### What the task asks
The material below holds pictures, which are to be left out; copy exactly the lines from the one with "Programa pentru Bacalaureat" through the one with "특히 이날 방송에서는".

### Supplied data
- - - - - - -

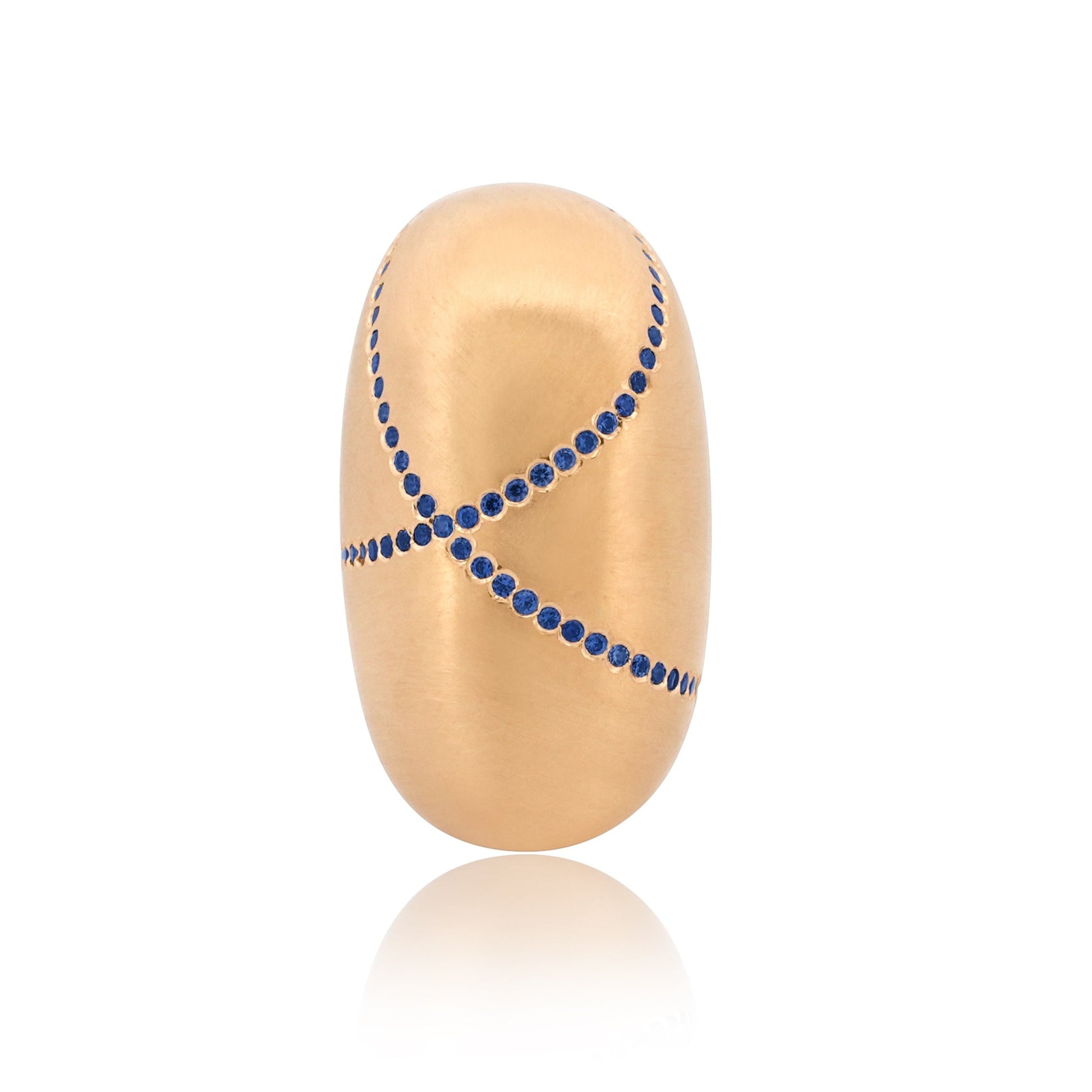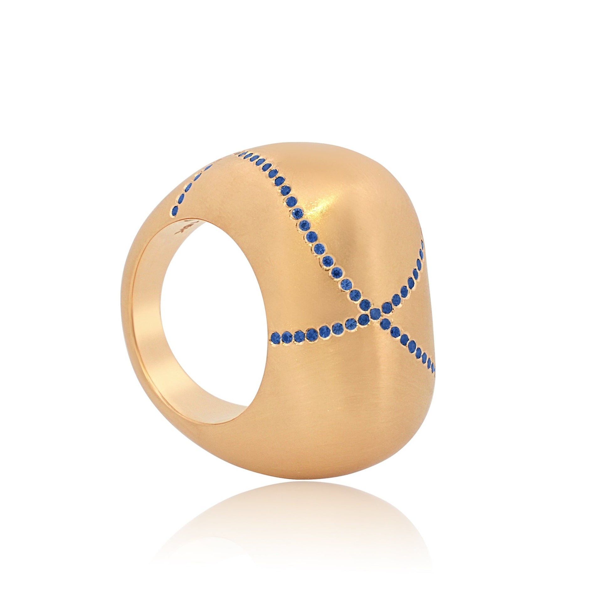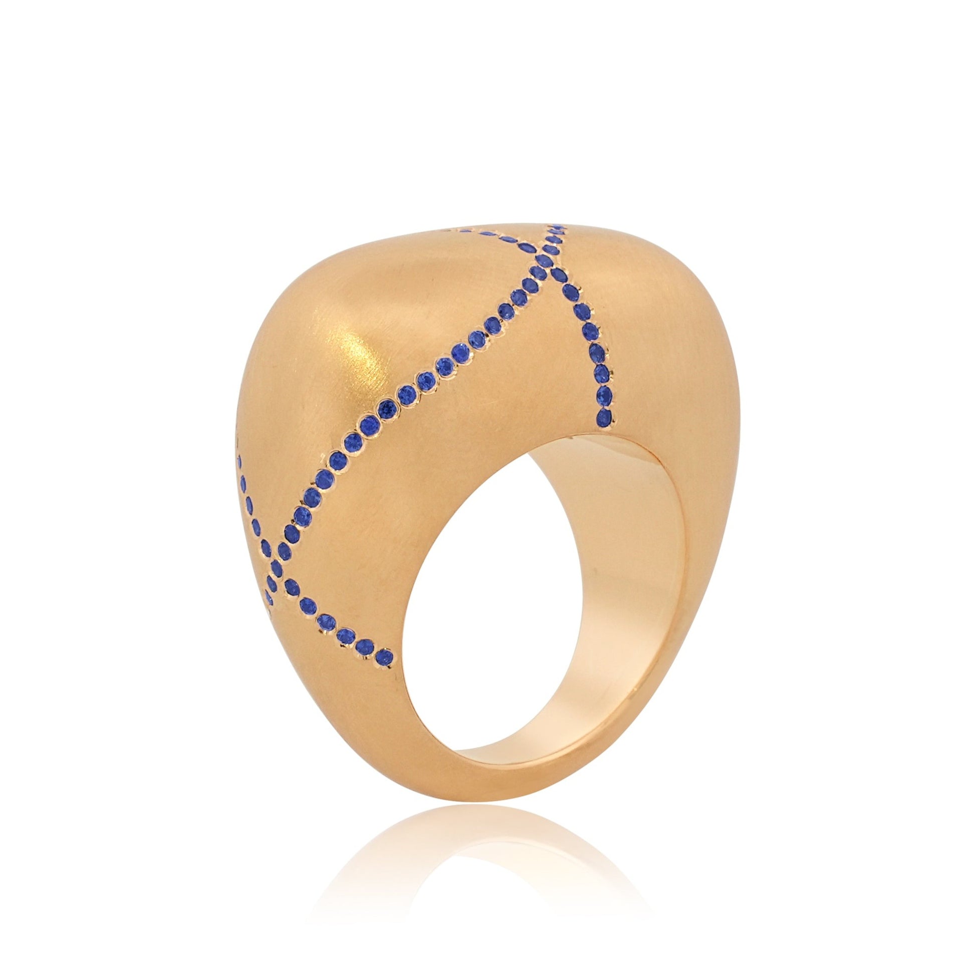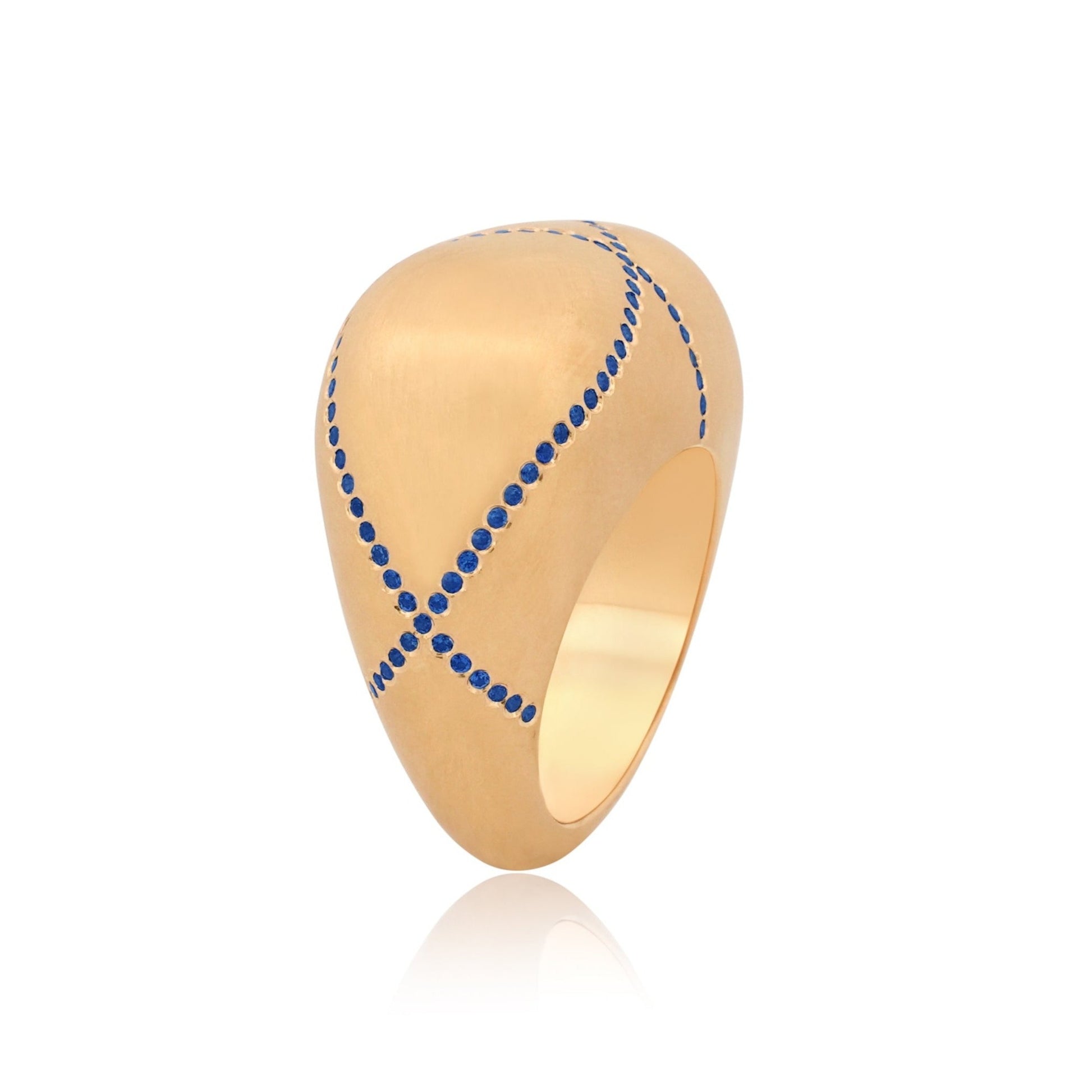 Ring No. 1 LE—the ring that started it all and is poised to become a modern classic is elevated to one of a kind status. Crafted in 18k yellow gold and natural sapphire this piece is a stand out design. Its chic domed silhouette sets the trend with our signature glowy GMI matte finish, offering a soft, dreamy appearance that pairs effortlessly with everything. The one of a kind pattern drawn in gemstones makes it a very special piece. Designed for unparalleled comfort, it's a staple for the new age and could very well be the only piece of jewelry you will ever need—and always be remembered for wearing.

- - - - - - -

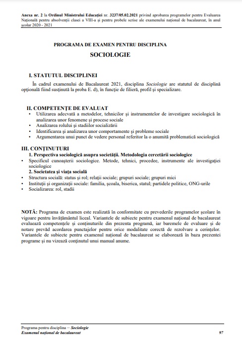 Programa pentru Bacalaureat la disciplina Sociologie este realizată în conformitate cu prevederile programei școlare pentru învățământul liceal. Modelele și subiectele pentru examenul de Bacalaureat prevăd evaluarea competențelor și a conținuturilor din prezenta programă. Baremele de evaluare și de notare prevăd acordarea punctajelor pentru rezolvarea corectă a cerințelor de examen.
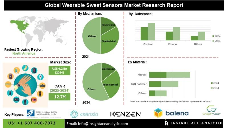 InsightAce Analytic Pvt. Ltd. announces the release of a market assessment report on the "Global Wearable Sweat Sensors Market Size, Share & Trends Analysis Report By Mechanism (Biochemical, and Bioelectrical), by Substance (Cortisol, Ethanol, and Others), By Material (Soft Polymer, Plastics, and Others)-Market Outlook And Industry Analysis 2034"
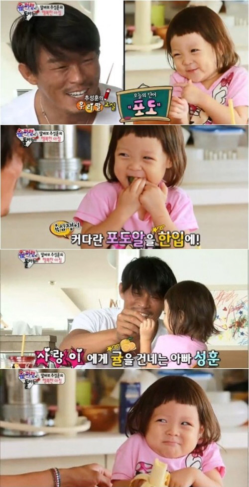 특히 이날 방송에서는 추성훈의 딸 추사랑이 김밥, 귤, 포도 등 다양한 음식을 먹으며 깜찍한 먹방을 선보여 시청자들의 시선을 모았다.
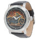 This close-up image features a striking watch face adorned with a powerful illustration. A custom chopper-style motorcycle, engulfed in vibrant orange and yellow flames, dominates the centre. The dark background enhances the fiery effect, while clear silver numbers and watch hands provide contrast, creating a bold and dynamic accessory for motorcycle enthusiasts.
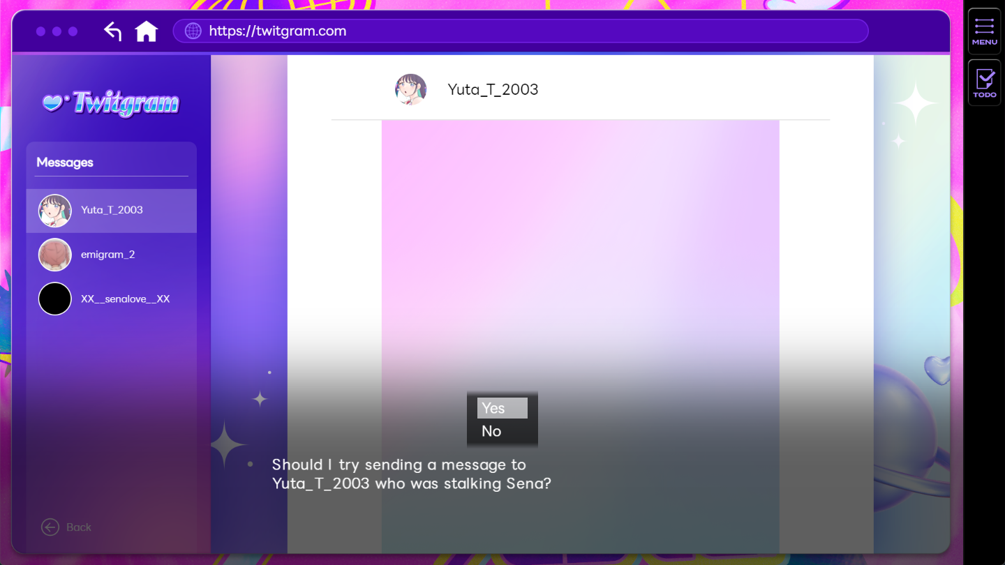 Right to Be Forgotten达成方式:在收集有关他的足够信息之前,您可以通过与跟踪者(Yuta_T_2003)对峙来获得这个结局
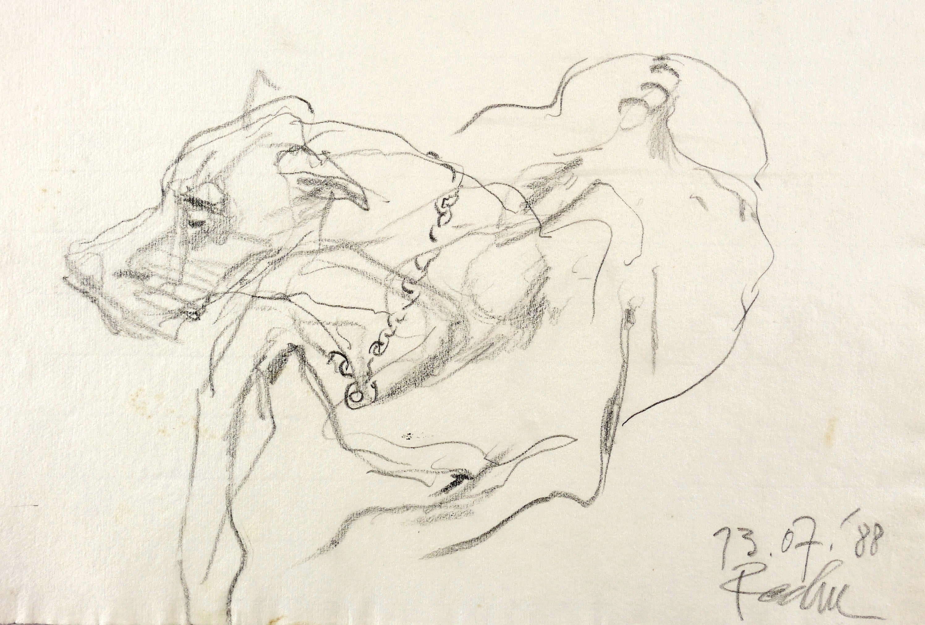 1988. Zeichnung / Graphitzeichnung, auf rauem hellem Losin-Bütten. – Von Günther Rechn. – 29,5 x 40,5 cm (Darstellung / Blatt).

- - - - - - -

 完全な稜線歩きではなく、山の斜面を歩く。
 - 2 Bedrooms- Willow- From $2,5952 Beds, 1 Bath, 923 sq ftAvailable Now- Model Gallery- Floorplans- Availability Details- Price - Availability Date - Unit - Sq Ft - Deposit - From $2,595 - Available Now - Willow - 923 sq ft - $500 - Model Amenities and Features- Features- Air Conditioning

- - - - - - -

### Solution
 Programa pentru Bacalaureat la disciplina Sociologie este realizată în conformitate cu prevederile programei școlare pentru învățământul liceal. Modelele și subiectele pentru examenul de Bacalaureat prevăd evaluarea competențelor și a conținuturilor din prezenta programă. Baremele de evaluare și de notare prevăd acordarea punctajelor pentru rezolvarea corectă a cerințelor de examen.
 InsightAce Analytic Pvt. Ltd. announces the release of a market assessment report on the "Global Wearable Sweat Sensors Market Size, Share & Trends Analysis Report By Mechanism (Biochemical, and Bioelectrical), by Substance (Cortisol, Ethanol, and Others), By Material (Soft Polymer, Plastics, and Others)-Market Outlook And Industry Analysis 2034"
 특히 이날 방송에서는 추성훈의 딸 추사랑이 김밥, 귤, 포도 등 다양한 음식을 먹으며 깜찍한 먹방을 선보여 시청자들의 시선을 모았다.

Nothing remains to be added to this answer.